**The task:**
Without the pictures, set down every record below exactly as it reads.

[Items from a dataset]
^^^^
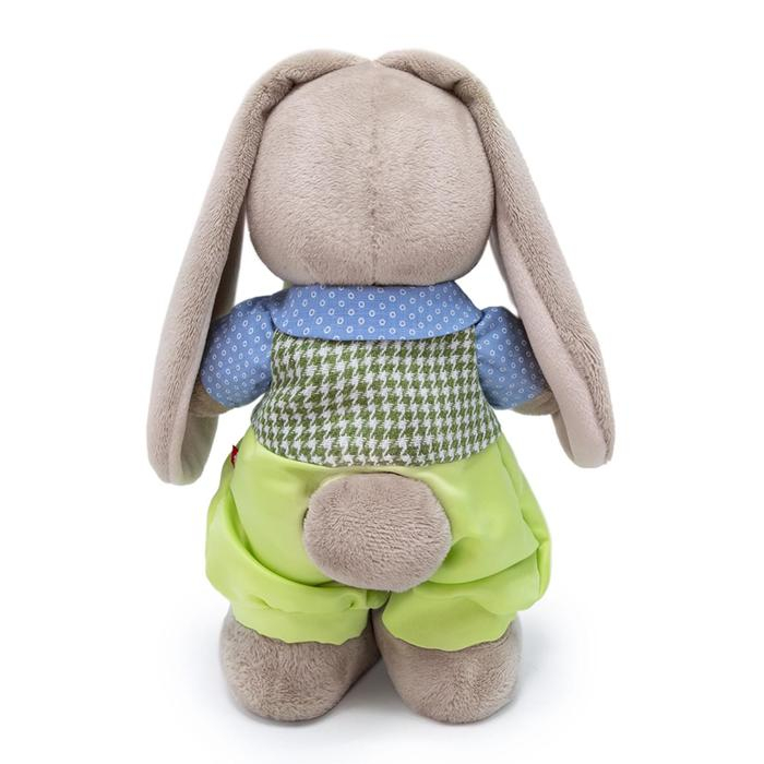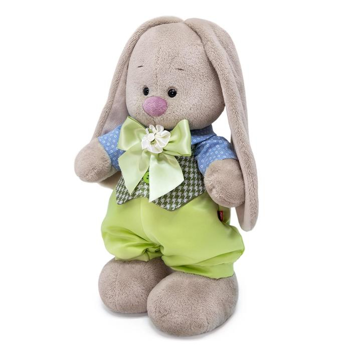 Милая мягкая игрушка «Зайка Ми» — это хороший подарок для ребёнка или кукольного коллекционера. Зайка одета в праздничный комплект, состоящий из широких штанов салатового цвета, голубой рубашки и жилета с зелёным клетчатым узором. Объёмный бант дополняет образ. Одежду с игрушки можно снять.
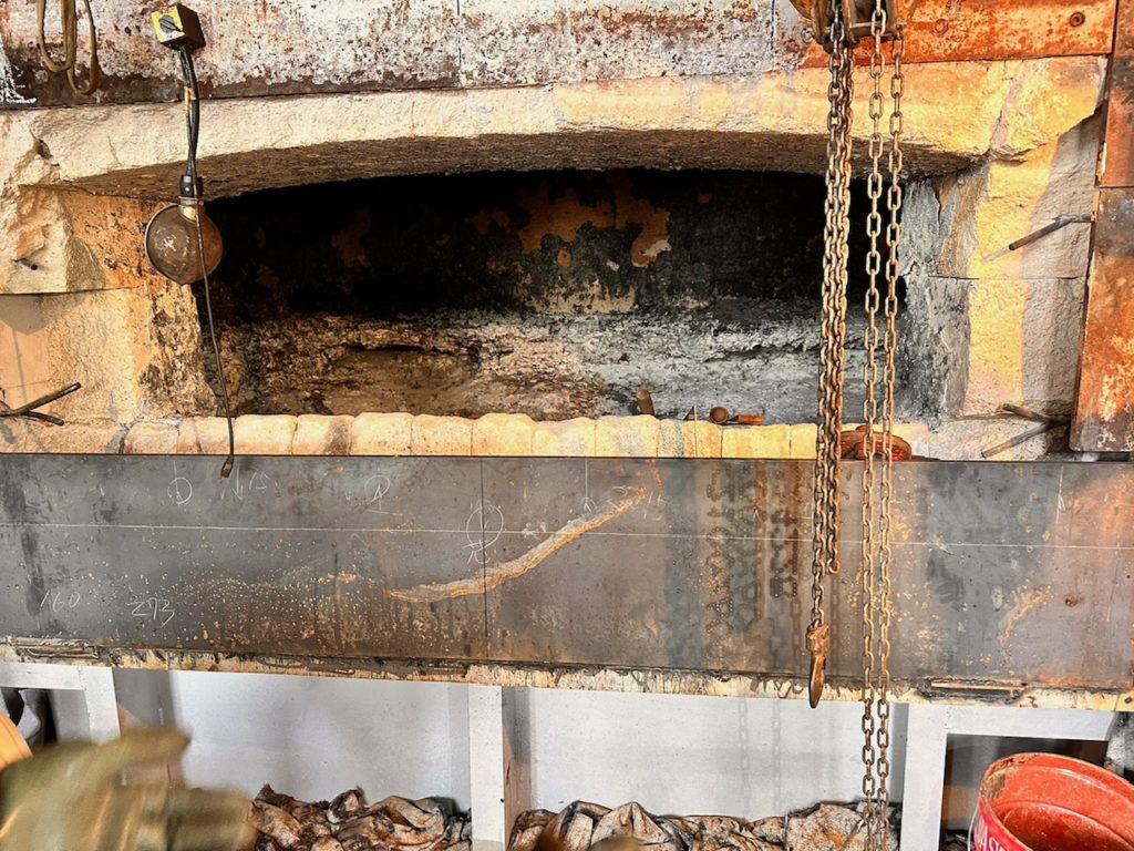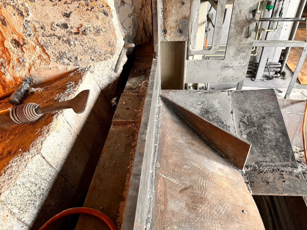 溶解炉作業口下部補修、耐火材打ち換え
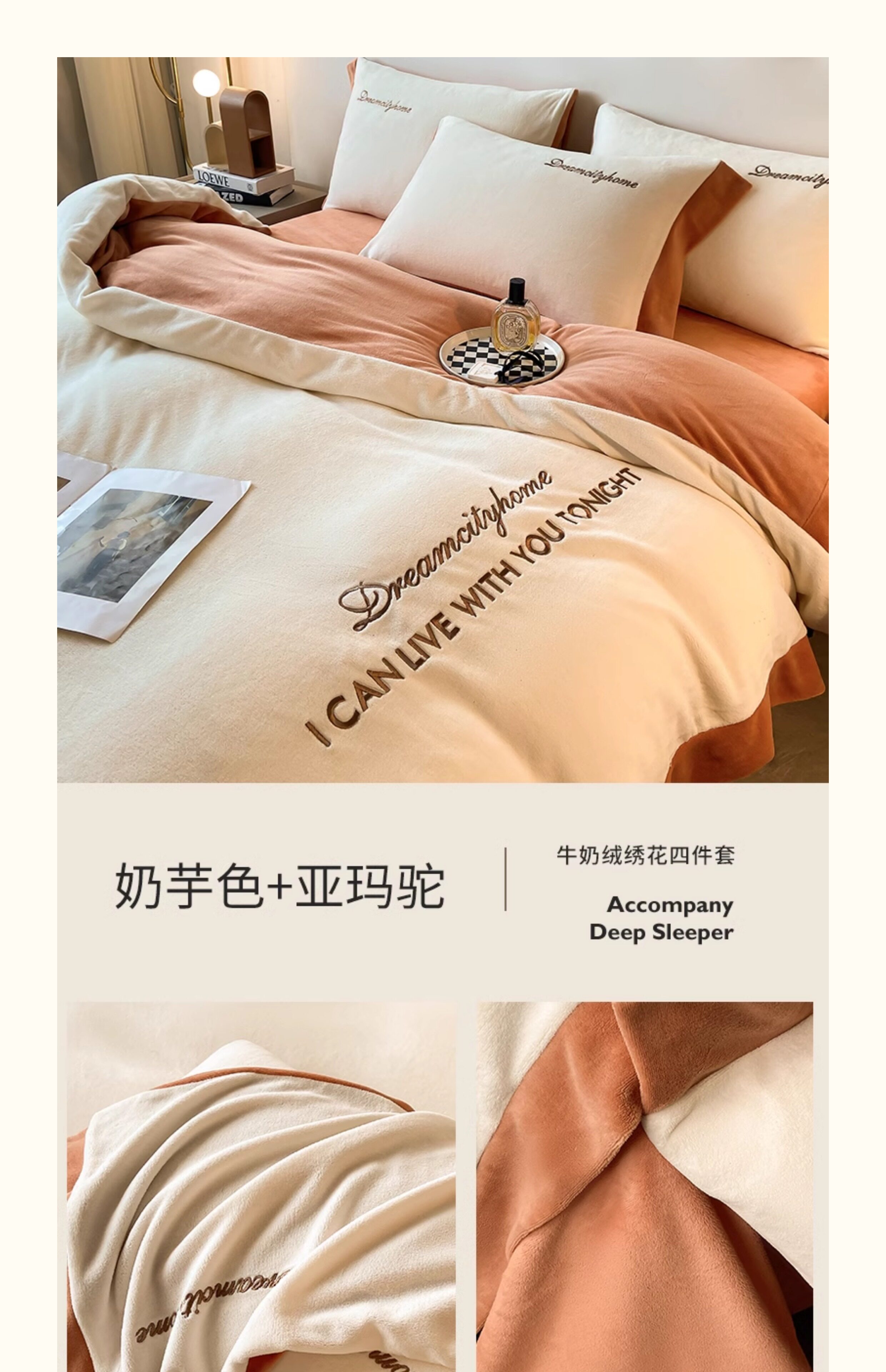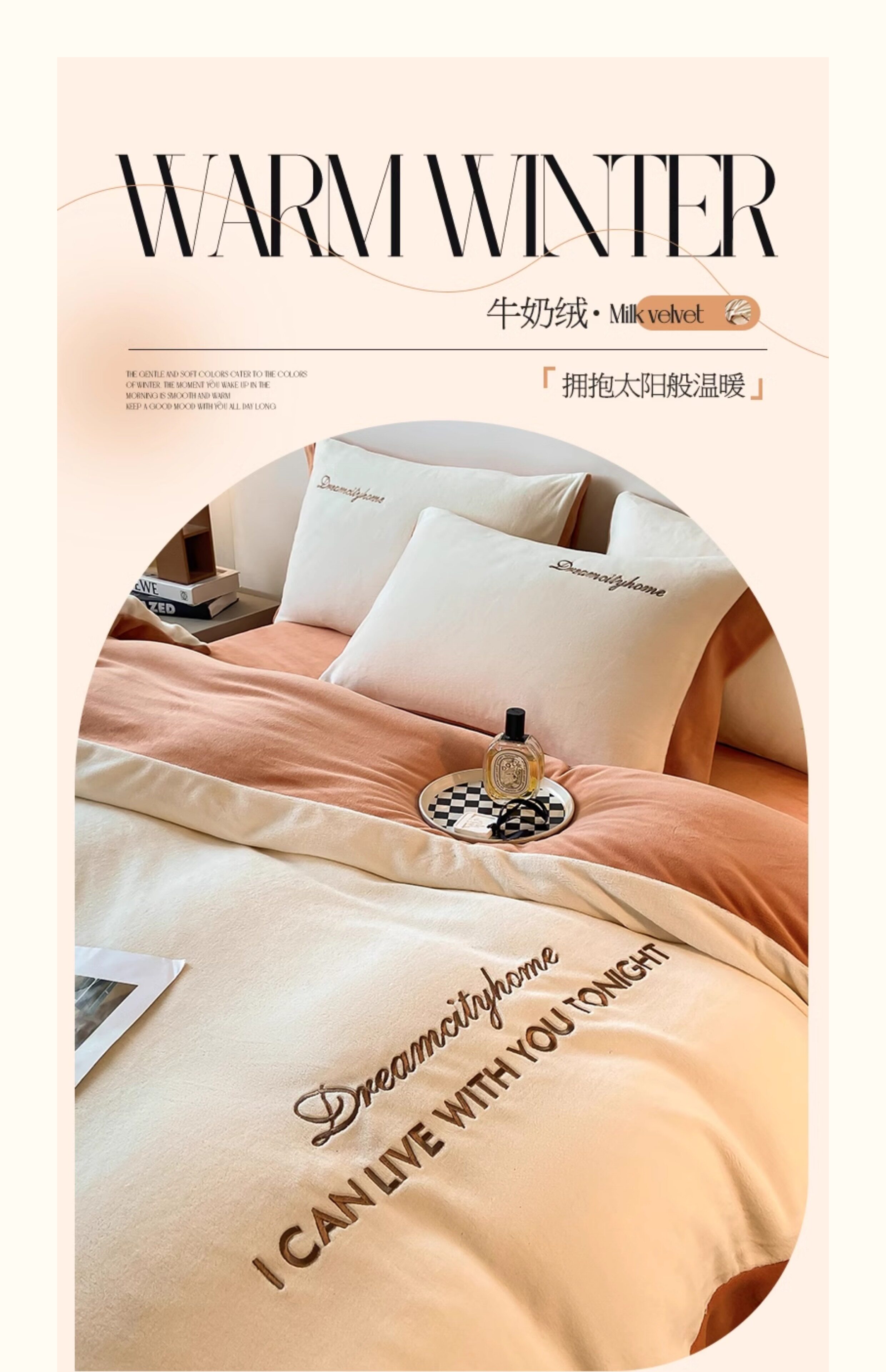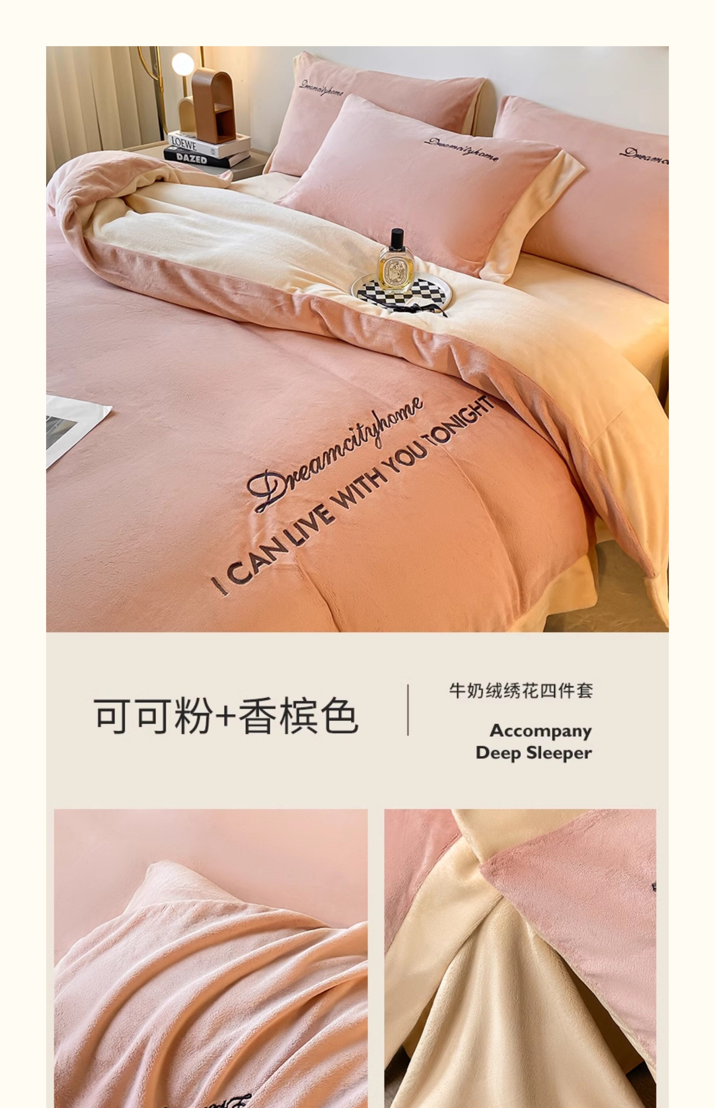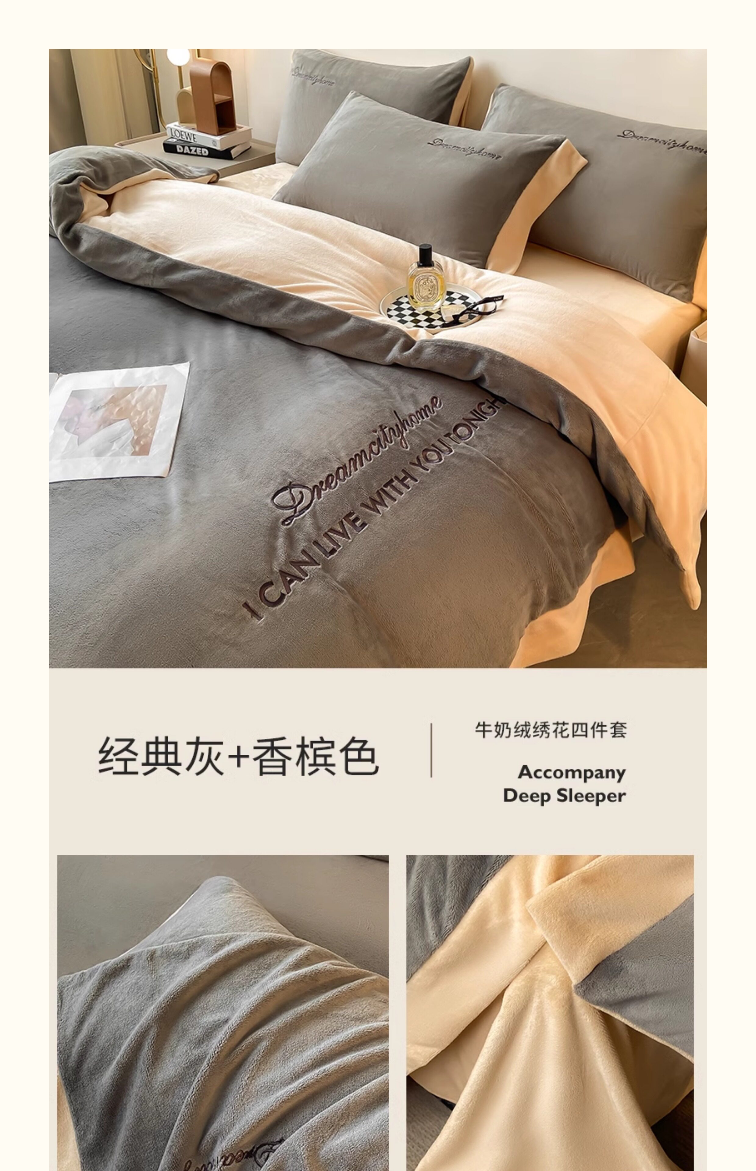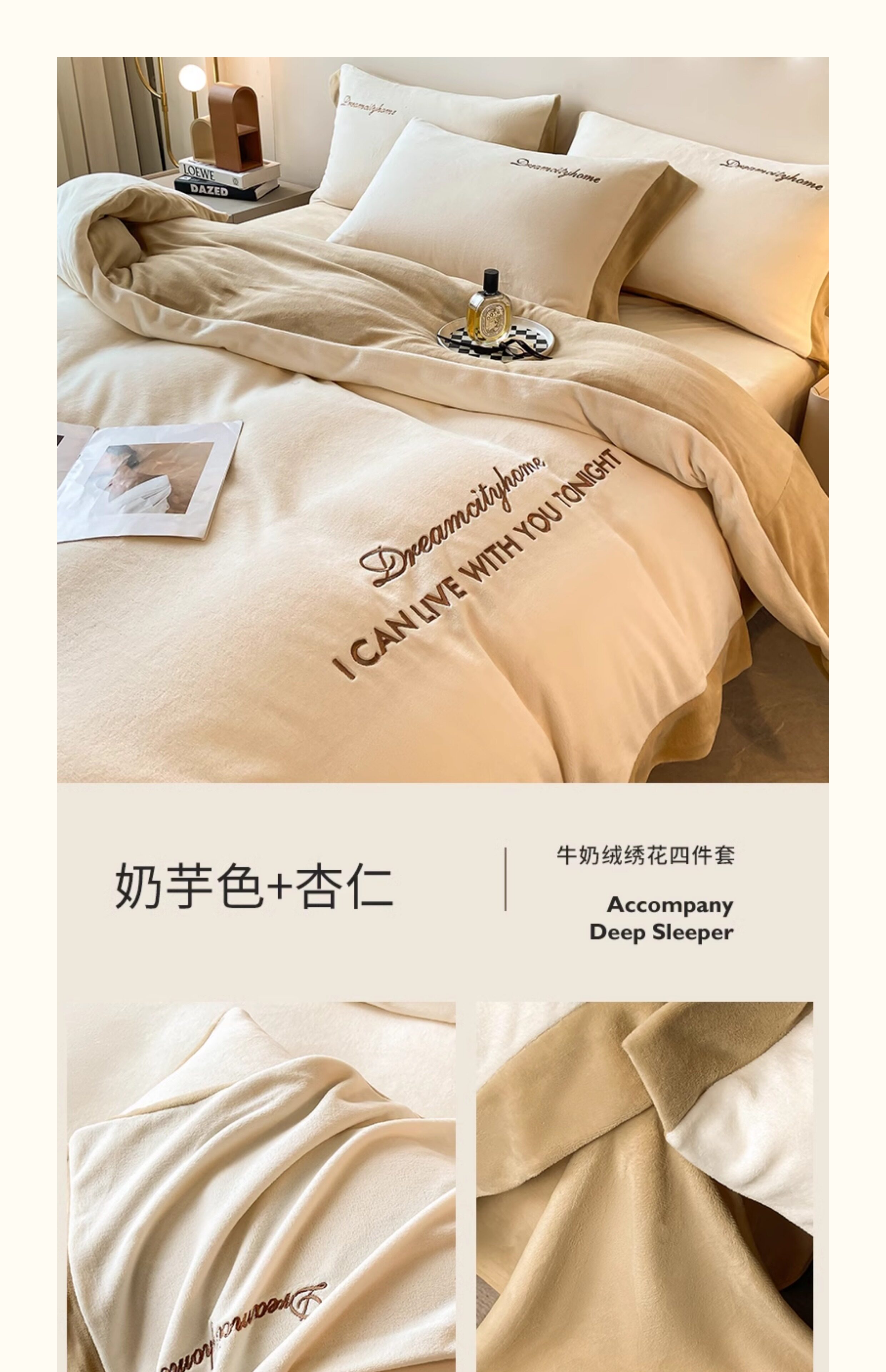 冬季牛奶絨床上四件套加絨加厚珊瑚法萊絨被套床單學生宿捨三件套
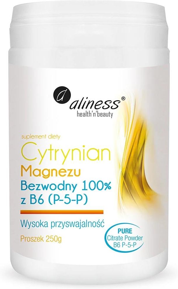 Aliness Cytrynian Magnezu z B6 (P-5-P) 250g Aliness Cytrynian magnezu zawiera magnez w łatwo przyswajalnej formie cytrynianu magnezu. Zapewnia to bardzo dobre wchłanianie z układu pokarmowego oraz uzupełnienie niedoborów. Dodatkowo preparat został wzbogacony o ważny pierwiastek jakim jest potas. Jest on niezbędny do prawidłowego funkcjonowania mięśni, a także pełni istotną rolę w utrzymanie prawidłowego ciśnienia krwii. Magnez jest bardzo cennym minerałem. Zapewnia prawidłowe funkcjonowanie całego organizmu. Bierze udział w przewodnictwie nerwowym. Wpływa na pracę komórek nerwowych. Zapewnia prawidłową koncentrację oraz wspomaga walkę ze stresem. Poprawia jakość snu, ma działanie uspokajające. Właściwości:  Magnez: pomaga w utrzymaniu równowagi elektrolitowej pomaga w utrzymaniu zdrowych zębów pomaga w utrzymaniu zdrowych kości przyczynia się do utrzymania prawidłowego metabolizmu energetycznego pomaga w prawidłowym funkcjonowaniu mięśni pomaga w prawidłowym funkcjonowaniu układu nerwowego przyczynia się do zmniejszenia uczucia zmęczenia i znużenia pomaga w utrzymaniu prawidłowych funkcji psychologicznych pomaga w prawidłowej syntezie białka odgrywa rolę w procesie podziału komórek przyczynia się do prawidłowego rozwoju kości u dzieci Witamina B6 (w postaci P5P czyli aktywnej formie pirydoksalo-5-fosforan): pomaga w utrzymaniu prawidłowego metabolizmu homocysteiny pomaga w prawidłowej syntezie cysteiny przyczynia się do utrzymania prawidłowego metabolizmu białka i glikogenu pomaga w prawidłowym funkcjonowaniu układu nerwowego pomaga w prawidłowej produkcji czerwonych krwinek pomaga w prawidłowym funkcjonowaniu układu odpornościowego przyczynia się do regulacji aktywności hormonalnej przyczynia się do utrzymania prawidłowego metabolizmu energetycznego pomaga w utrzymaniu prawidłowych funkcji psychologicznych Składniki: Magnez (cytrynian magnezu), witamina B6 (pirydoksalo-5-fosforan ). Sposób użycia: 1/4 lub 1/2 miarki dziennie w trakcie posiłku. Proszek należy rozpuścić w letniej wodzie i wypić. ***Nie należy przekraczać zalecanej porcji do spożycia w ciągu dnia. Produkt nie może być stosowany jako substytut zróżnicowanej diety. Zaleca się stosowanie zróżnicowanej i zrównoważonej diety i zdrowego trybu życia.
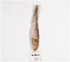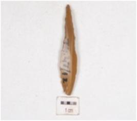 | Description / विवरण | A knife shaped blade, made with chert, mid-ridge on dorsal surface, irregular edges and prominent bulb on ventral surface. |
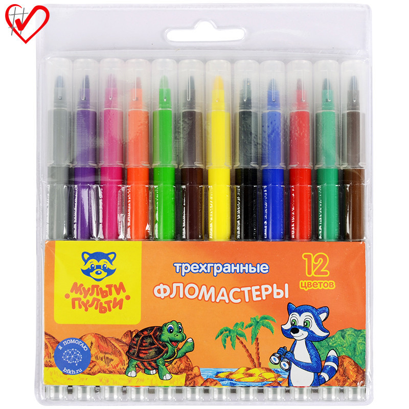 Описание: Трёхгранные фломастеры «Мульти-Пульти» серии «Енот на Сейшелах». Конические тип наконечника имеет толщину линии 3 мм. В наборе 12 цветов фломастеров: серый, фиолетовый, розовый, оранжевый, салатовый, коричневый, жёлтый, чёрный, синий, красный, зелёный, шоколадный. Фломастеры отлично подходят для создания ярких рисунков, поздравительных открыток и плакатов. Они представлены с легкосмываемыми чернилами и вентилируемым колпачком. Корпус круглой формы изготовлен из полипропилена и имеет удобную круглую зону захвата. Фломастеры сохраняют стабильный цвет при письме на протяжении всего использования. Смываемые фломастеры на водной основе нетоксичны. Упакованы в блистер.
^^^^
**Result of this task:**
 Милая мягкая игрушка «Зайка Ми» — это хороший подарок для ребёнка или кукольного коллекционера. Зайка одета в праздничный комплект, состоящий из широких штанов салатового цвета, голубой рубашки и жилета с зелёным клетчатым узором. Объёмный бант дополняет образ. Одежду с игрушки можно снять.
 溶解炉作業口下部補修、耐火材打ち換え
 冬季牛奶絨床上四件套加絨加厚珊瑚法萊絨被套床單學生宿捨三件套
 Aliness Cytrynian Magnezu z B6 (P-5-P) 250g Aliness Cytrynian magnezu zawiera magnez w łatwo przyswajalnej formie cytrynianu magnezu. Zapewnia to bardzo dobre wchłanianie z układu pokarmowego oraz uzupełnienie niedoborów. Dodatkowo preparat został wzbogacony o ważny pierwiastek jakim jest potas. Jest on niezbędny do prawidłowego funkcjonowania mięśni, a także pełni istotną rolę w utrzymanie prawidłowego ciśnienia krwii. Magnez jest bardzo cennym minerałem. Zapewnia prawidłowe funkcjonowanie całego organizmu. Bierze udział w przewodnictwie nerwowym. Wpływa na pracę komórek nerwowych. Zapewnia prawidłową koncentrację oraz wspomaga walkę ze stresem. Poprawia jakość snu, ma działanie uspokajające. Właściwości:  Magnez: pomaga w utrzymaniu równowagi elektrolitowej pomaga w utrzymaniu zdrowych zębów pomaga w utrzymaniu zdrowych kości przyczynia się do utrzymania prawidłowego metabolizmu energetycznego pomaga w prawidłowym funkcjonowaniu mięśni pomaga w prawidłowym funkcjonowaniu układu nerwowego przyczynia się do zmniejszenia uczucia zmęczenia i znużenia pomaga w utrzymaniu prawidłowych funkcji psychologicznych pomaga w prawidłowej syntezie białka odgrywa rolę w procesie podziału komórek przyczynia się do prawidłowego rozwoju kości u dzieci Witamina B6 (w postaci P5P czyli aktywnej formie pirydoksalo-5-fosforan): pomaga w utrzymaniu prawidłowego metabolizmu homocysteiny pomaga w prawidłowej syntezie cysteiny przyczynia się do utrzymania prawidłowego metabolizmu białka i glikogenu pomaga w prawidłowym funkcjonowaniu układu nerwowego pomaga w prawidłowej produkcji czerwonych krwinek pomaga w prawidłowym funkcjonowaniu układu odpornościowego przyczynia się do regulacji aktywności hormonalnej przyczynia się do utrzymania prawidłowego metabolizmu energetycznego pomaga w utrzymaniu prawidłowych funkcji psychologicznych Składniki: Magnez (cytrynian magnezu), witamina B6 (pirydoksalo-5-fosforan ). Sposób użycia: 1/4 lub 1/2 miarki dziennie w trakcie posiłku. Proszek należy rozpuścić w letniej wodzie i wypić. ***Nie należy przekraczać zalecanej porcji do spożycia w ciągu dnia. Produkt nie może być stosowany jako substytut zróżnicowanej diety. Zaleca się stosowanie zróżnicowanej i zrównoważonej diety i zdrowego trybu życia.
 | Description / विवरण | A knife shaped blade, made with chert, mid-ridge on dorsal surface, irregular edges and prominent bulb on ventral surface. |
 Описание: Трёхгранные фломастеры «Мульти-Пульти» серии «Енот на Сейшелах». Конические тип наконечника имеет толщину линии 3 мм. В наборе 12 цветов фломастеров: серый, фиолетовый, розовый, оранжевый, салатовый, коричневый, жёлтый, чёрный, синий, красный, зелёный, шоколадный. Фломастеры отлично подходят для создания ярких рисунков, поздравительных открыток и плакатов. Они представлены с легкосмываемыми чернилами и вентилируемым колпачком. Корпус круглой формы изготовлен из полипропилена и имеет удобную круглую зону захвата. Фломастеры сохраняют стабильный цвет при письме на протяжении всего использования. Смываемые фломастеры на водной основе нетоксичны. Упакованы в блистер.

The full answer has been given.